Once, when I had no skin left over my heart, I wondered if love were more
than a film of civility stretched
over lust. I wondered if I had ever heard an honest love song. For years,
I had no music in my heart,
and I wondered if fate were more than the hells we bolt to our consciousness
and fall into from exhaustion.


I wish I could write a joyful song with trumpets & violins. I wish Lalah Hathaway
would sing my song.
I wish I could have lived in the celebration between 1:55 & 4:10 of Keith Jarrett's
Lalene during the summer of 2014,
when I learned of M's engagement, when I was falling in love with S as she mourned,
when I tempered devotion with silence
because I couldn't reconcile my happiness with that death. Because I was afraid
to spend my life with a ghost.


How did I speak, mouth full of vows pinned under my tongue?
How did I survive, that song
unfurling inside—strong enough to shift my heart's timbre,
too weak to crack marrow
and splay the wings I felt, even then, rising against the cage
I chained inside myself.


One day I'll fly away. One day I'll write a poem with wings.
One day my answer to sadness
won’t be a poem. One day, the woman who stays will sing,
Whenever your heart comes close
It doesn't take much to know
The way that I love you shows
All over mine

—and a wind through the Smokies will hum like brass, and a generation of cicadas
will vibrate to score the day
two people believed: Yes, we can praise this moment unfolding—even while
we cull our fates from the wrench of the past.

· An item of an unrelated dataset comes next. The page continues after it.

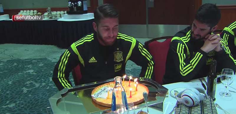 ホテルの一室に登場したのは、巨大なケーキ。ロウソクも立てられており、セルヒオ・ラモスに向けたメッセージも確認できる。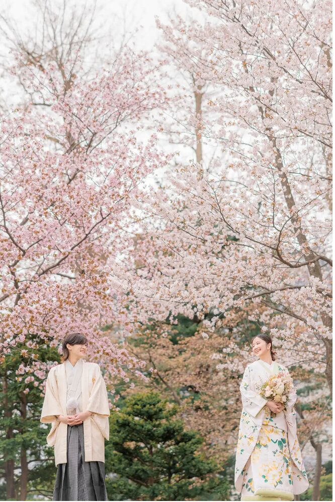 🌸【札幌の桜ウェディング】満開の桜と残す!春のロケーションフォトで叶える「ふたりの始まり」

  • The title of this poem comes from the Joe Sample/Will Jennings song of the same name.
  • The lyrics in the fourth stanza are taken from Whenever Your Heart by Phil Dillon.
  • This poem shares the image of wings pressing against a rib cage with Arthur Smith's poem Breakfast for One (The Fortunate Era, 2013): "She knew they would strain/ To unfurl the massive/ Pair of stained glass wings inside her ribcage." Neither of us was aware of the other's poem while drafting, but I'm very pleased that they're speaking to each other.